TASK ITEM
Please take the lines from the one holding "4月13日,湖南商务职业技术" through the one holding "- 미크로랍토르(Microraptor): 날개를" in the data below and copy them exactly.
--- TASK INPUT ---
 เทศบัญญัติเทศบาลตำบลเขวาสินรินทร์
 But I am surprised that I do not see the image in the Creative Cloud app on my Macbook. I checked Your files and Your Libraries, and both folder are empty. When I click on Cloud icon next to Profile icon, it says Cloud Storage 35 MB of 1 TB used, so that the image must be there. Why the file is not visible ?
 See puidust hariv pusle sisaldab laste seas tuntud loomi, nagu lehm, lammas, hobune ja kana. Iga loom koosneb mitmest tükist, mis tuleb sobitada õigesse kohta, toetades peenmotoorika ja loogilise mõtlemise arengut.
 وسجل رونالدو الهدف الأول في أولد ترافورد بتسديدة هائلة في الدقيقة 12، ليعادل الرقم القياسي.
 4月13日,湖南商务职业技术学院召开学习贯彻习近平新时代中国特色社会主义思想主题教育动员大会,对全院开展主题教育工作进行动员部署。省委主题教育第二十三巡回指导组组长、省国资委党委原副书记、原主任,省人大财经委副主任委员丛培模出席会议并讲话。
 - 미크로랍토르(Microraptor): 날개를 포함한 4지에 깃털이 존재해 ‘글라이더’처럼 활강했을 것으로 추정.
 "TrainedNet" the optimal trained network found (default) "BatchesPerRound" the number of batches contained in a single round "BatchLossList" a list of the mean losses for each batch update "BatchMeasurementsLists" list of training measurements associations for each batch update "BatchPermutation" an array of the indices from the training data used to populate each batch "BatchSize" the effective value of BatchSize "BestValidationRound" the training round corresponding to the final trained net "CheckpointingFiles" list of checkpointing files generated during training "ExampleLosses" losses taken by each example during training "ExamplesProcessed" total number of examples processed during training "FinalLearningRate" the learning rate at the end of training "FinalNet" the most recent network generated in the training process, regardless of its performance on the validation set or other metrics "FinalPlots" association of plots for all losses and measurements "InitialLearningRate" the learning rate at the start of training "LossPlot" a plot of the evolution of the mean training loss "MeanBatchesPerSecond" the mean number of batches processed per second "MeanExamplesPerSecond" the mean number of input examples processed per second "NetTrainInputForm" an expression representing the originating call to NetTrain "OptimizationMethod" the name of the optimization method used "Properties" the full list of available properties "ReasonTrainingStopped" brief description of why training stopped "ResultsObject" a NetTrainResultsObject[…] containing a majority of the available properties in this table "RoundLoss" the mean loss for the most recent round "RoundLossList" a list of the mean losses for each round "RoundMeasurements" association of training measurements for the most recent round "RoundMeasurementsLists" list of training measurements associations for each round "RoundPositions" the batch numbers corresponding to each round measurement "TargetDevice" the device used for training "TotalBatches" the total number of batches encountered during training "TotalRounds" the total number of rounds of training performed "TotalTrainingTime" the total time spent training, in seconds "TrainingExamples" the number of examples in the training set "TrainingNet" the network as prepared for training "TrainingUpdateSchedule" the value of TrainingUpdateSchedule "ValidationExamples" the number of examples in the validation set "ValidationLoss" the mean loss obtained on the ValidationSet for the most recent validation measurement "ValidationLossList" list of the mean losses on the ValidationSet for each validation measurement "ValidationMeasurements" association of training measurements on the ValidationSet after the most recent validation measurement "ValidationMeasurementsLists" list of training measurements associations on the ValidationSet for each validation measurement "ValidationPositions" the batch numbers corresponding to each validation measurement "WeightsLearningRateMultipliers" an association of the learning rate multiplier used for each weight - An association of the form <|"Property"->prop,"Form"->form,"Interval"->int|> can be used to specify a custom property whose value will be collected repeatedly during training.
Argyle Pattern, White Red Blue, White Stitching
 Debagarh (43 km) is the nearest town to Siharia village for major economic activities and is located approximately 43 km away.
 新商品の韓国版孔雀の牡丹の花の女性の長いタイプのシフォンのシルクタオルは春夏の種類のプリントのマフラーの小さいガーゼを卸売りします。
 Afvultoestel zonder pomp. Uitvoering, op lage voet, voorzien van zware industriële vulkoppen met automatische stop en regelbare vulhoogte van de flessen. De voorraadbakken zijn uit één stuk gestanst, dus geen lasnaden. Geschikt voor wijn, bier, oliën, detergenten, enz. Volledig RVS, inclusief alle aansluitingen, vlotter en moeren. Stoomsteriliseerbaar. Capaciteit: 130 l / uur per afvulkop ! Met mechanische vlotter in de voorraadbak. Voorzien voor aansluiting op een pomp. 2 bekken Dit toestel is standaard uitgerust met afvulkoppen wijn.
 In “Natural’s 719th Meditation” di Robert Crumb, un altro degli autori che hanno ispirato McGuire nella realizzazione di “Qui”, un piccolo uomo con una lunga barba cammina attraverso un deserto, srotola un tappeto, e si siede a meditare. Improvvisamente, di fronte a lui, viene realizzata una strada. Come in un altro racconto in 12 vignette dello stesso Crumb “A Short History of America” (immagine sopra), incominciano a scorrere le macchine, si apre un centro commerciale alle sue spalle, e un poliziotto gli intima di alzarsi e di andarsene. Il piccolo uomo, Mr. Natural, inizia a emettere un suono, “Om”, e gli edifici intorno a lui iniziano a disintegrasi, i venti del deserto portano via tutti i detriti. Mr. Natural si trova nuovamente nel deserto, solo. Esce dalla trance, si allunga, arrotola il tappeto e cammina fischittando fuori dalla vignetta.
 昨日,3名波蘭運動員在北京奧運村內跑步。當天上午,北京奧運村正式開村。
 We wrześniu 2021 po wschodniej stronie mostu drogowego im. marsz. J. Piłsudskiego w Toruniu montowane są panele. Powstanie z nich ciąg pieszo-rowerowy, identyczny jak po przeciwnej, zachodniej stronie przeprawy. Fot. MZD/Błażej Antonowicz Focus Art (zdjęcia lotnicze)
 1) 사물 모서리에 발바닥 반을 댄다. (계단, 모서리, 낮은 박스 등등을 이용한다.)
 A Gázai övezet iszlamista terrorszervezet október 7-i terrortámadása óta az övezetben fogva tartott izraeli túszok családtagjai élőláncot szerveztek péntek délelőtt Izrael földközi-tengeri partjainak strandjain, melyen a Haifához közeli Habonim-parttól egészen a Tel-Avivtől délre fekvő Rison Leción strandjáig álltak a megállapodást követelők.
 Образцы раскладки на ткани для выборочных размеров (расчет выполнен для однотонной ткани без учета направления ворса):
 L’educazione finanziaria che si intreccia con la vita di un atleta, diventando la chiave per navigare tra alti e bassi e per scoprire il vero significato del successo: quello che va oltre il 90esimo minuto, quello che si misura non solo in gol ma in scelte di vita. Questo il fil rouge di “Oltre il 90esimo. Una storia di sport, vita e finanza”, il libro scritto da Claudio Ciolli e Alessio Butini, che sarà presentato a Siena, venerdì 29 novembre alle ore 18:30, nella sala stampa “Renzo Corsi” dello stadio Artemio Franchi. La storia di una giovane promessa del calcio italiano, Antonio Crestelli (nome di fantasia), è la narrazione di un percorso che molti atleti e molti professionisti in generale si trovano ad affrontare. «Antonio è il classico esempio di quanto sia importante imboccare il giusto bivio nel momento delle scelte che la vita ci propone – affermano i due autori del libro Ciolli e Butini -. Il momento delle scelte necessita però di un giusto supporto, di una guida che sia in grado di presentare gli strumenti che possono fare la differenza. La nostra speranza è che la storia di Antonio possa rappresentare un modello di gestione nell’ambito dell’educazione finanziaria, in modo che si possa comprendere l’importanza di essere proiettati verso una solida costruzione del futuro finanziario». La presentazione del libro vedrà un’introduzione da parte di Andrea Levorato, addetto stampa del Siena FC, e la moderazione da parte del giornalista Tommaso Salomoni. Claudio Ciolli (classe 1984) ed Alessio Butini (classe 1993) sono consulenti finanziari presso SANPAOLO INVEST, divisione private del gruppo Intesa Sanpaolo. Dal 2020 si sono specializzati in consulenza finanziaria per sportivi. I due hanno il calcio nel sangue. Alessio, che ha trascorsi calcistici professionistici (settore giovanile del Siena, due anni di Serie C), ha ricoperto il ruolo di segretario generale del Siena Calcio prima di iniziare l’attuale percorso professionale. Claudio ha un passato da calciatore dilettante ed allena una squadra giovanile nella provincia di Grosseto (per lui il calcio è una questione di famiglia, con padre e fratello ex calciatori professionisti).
---
TASK RESPONSE
 4月13日,湖南商务职业技术学院召开学习贯彻习近平新时代中国特色社会主义思想主题教育动员大会,对全院开展主题教育工作进行动员部署。省委主题教育第二十三巡回指导组组长、省国资委党委原副书记、原主任,省人大财经委副主任委员丛培模出席会议并讲话。
 - 미크로랍토르(Microraptor): 날개를 포함한 4지에 깃털이 존재해 ‘글라이더’처럼 활강했을 것으로 추정.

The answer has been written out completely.